Das Machtwort des Vorsitzenden Rösler ist da kein Reinigungsmittel. Und die politischen Ablenkungsmanöver - Rentenbeitrag senken, Solidaritätszuschlag drücken - wie sie soeben auf der FDP-Klausur verkündet werden, helfen da auch nicht nachhaltig.
Was traut sich Rösler?
Wie die FDP wieder zu einer erfolgreichen Partei werden soll, weiß keiner; der neue Vorsitzende auch nicht. Bei seiner Wahl hat er versprochen, dass er "liefern" wird; aber er weiß selbst nicht, was er liefern soll. Fürs Erste müsste es wohl der komplette Abschied von der Ära Westerwelle sein. Aber das traut sich Rösler nicht.

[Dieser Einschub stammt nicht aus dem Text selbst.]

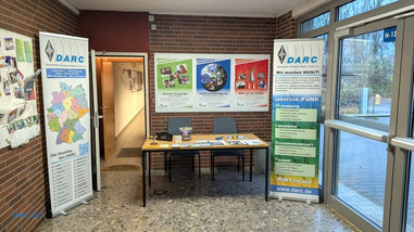 Die Funkamateure DN9VV, DO2NCF, DF1CF, DO1PR und der betreuende AG-Lehrer DN9DIR gaben einen Einblick in die Funkaktivitäten auf Kurzwelle und UKW. Ein besonderes Highlight war dabei die neue QO100-Satellitenfunkstation, welche mit einer Spende der ALANOD-Stiftung in diesem Jahr errichtet werden konnte. Sie trägt zu einer deutlichen Verbesserung der Ausbildungssituation bei und stärkt das MINT-Profil des RGEs.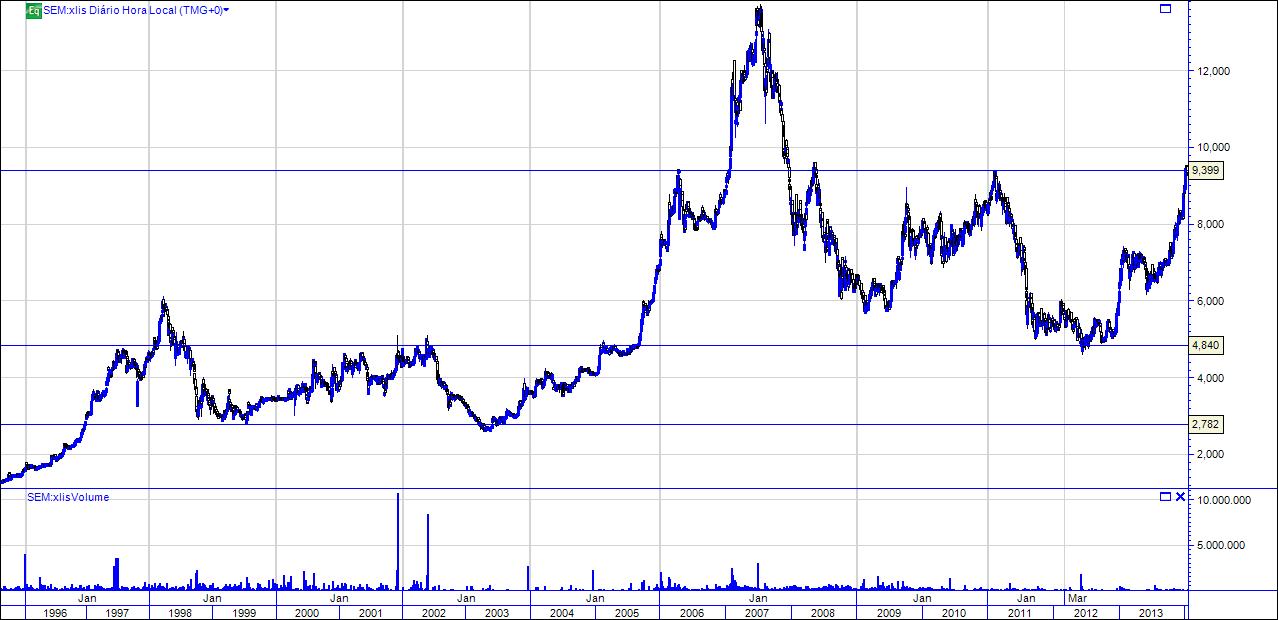 Após uma valorização de 25 % em Janeiro de 2013, a cotação lateralizou até finais de Setembro. Desde Setembro que a cotação vem num canal ascendente, levando desde essa data uma valorização de 45%. Nos últimos dias, e também porque o próprio PSI 20 terá contribuído para isso, assiste-se a uma retração que culminou com a passagem da linha da cotação da acção para debaixo da linha da média móvel de 10 dias. A longo prazo é de esperar que continue numa linha ascendente. No curto prazo acredito numa lateralização, ou até numa correcção até aos 8,25 €.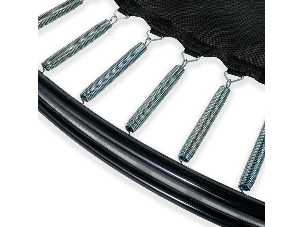 extra dlouhé (25cm) a široké dvoukónické pružiny zaručují vysoký a pohodlný odraz. Trampolína má robustní vzhled, černá barva s jemně barevnými detaily a reflexním lemem je skvostem v každé zahradě. Na trampolíně Dynamic je jednoduché předvádět ty nejtěžší triky.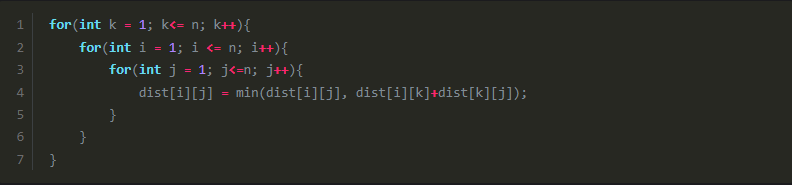 이후, 각 라운드별로 중간 노드가 될 노드 번호를 for문 가장 바깥의 k로 삼습니다. 내부 이중 for문에는 i, j를 통해 각 노드별 모든 거리를 살펴보면서 k를 중간 노드로 삼을 때와 아닐 때의 값을 비교해 더 작은 값으로 업데이트합니다.
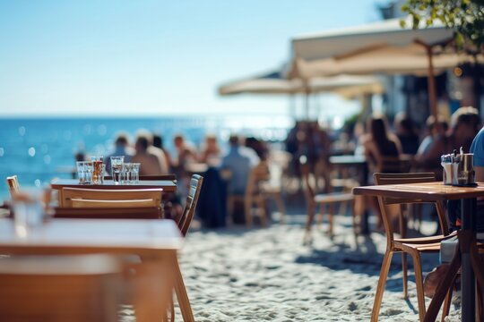 Blurred people sitting at tables in an outdoor beach cafe, with the seashore and sea in the background. Concept of relaxed seaside dining and social gatherings.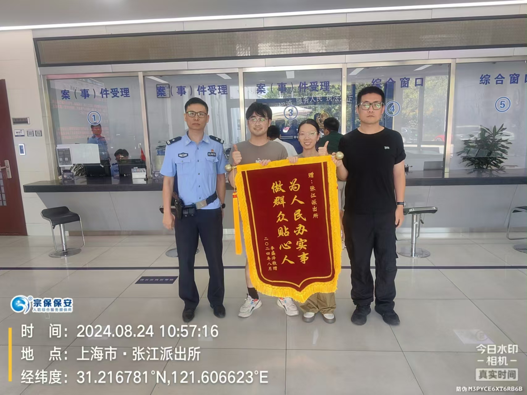 8月24日,浦東新區公安分局張江派出所收到市民李先生贈送的一面繡有“為人民辦實(shí)事 做群眾貼心人”的錦旗,感謝宗保公司駐張江派出所項目員工董晉春和范利峰幫其找回丟失的電瓶車(chē)。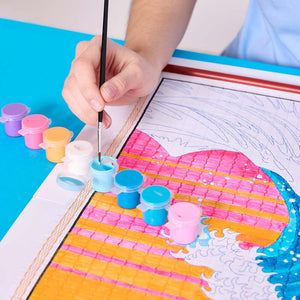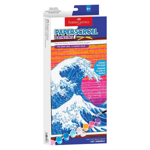 Create a stunning work of art with the Faber-Castell The Great Wave Scroll Painting Kit! Perfect for kids ages 8+ and adult beginners, this mindful art activity combines creativity, relaxation, and cultural appreciation in one—making it an excellent choice for kids who love imaginative crafts and hands-on projects. The complete kit includes a bamboo-style paper scroll preprinted with a detailed Great Wave outline, 8 acrylic paints (0.17 fl oz / 5ml each), a versatile paintbrush, a protective drop cloth, and instructions with a helpful color guide. Each acrylic paint features rich pigmentation for smooth coverage, blending, and layering, making it easy to paint vibrant skies, foamy crests, and powerful ocean waves. Inspired by traditional Japanese art, this scroll paint set for kids ages 8-12+ encourages focus, patience, and self-expression while letting artists of all skill levels bring an iconic masterpiece to life. Once finished, the scroll transforms into a meaningful keepsake—ready to hang as wall décor, display in a creative space, or share as a thoughtful handmade gift. This set is also a wonderful option for painting kits for kids, a beginner-friendly paint kit for kids, DIY projects, and even crafts for girls 8-12+. Unlike a structured paint by numbers kit for kids, this open-ended project invites creativity and personal expression. Because it is screen-free, engaging, and easy to complete, The Great Wave Scroll Painting Kit is equally well-suited for after-school enrichment, quiet mindful breaks, or relaxing weekend kids activities. More than just a painting kit, it gives children and adults alike the chance to explore art techniques, build patience, and celebrate the timeless beauty of Japanese culture through creative design. Since 1761, Faber-Castell has proudly crafted premium art supplies trusted worldwide by artists of all ages and skill levels. Ages 8 and up. Measures 1 x 5.63 x 13.75 in.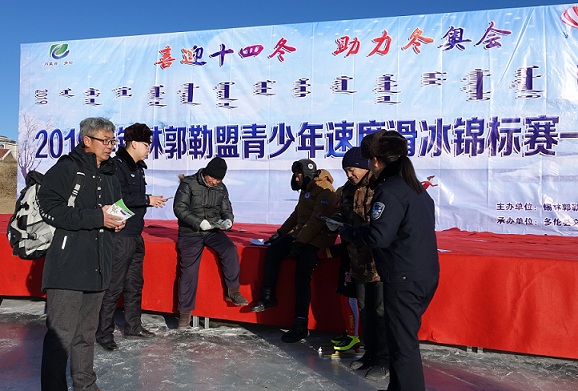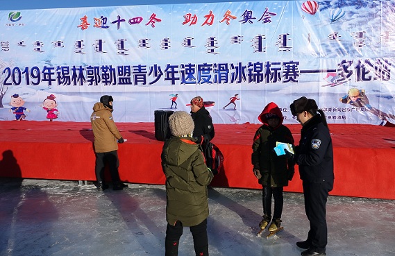 锡林浩特公安处多伦车站派出所深入“锡林郭勒盟青少年速度滑冰锦标赛”现场进行爱路护路宣传

Er kaschiert seine Führungsschwäche mit seltsamen Reden, die so klingen, als gebe von nun an er als Parteichef die Direktiven aus, nach denen der Außenminister zu handeln habe. Rösler tut so, als sei das Amt des deutschen Außenministers ein imperatives Mandat der Parteizentrale der FDP. Das ist nur peinlich - und ein Ergebnis der Schwäche Westerwelles und der Führungsverlegenheit Röslers.
Im Außenamt sitzt ein Mann als Minister, der der FDP schadet und dem Land nichts nutzt. Daran wird sich auch nichts ändern, wenn die gellende Kritik an Westerwelle wieder abgeflaut ist; sie war zuletzt noch lauter und schriller, als Westerwelle es je war. Sie wird, wie eine Sirene, auf Knopfdruck neu anheben; und solche Knöpfe gibt es viele. Die Sirene hat das Totenglöckchen abgelöst, das früher die Krisen der FDP begleitet hat.
Man kann die Tragikomödie der FDP und die Rolle des Guido Westerwelle darin mit Carl Zuckmayers "Hauptmann von Köpenick" vergleichen - wo der Schuster Wilhelm Voigt sich in der Uniform eines preußischen Hauptmanns einen Trupp Gardesoldaten unterstellt und dann das Rathaus besetzt. So ähnlich hat es Westerwelle mit der FDP gemacht. Als Darsteller war er so überzeugend, dass ihn die Partei immer wieder bejubelt und gewählt hat. Er hat die FDP mit seinem Ego und seiner Exzentrik überrollt, und die Partei hat sich überrollen lassen.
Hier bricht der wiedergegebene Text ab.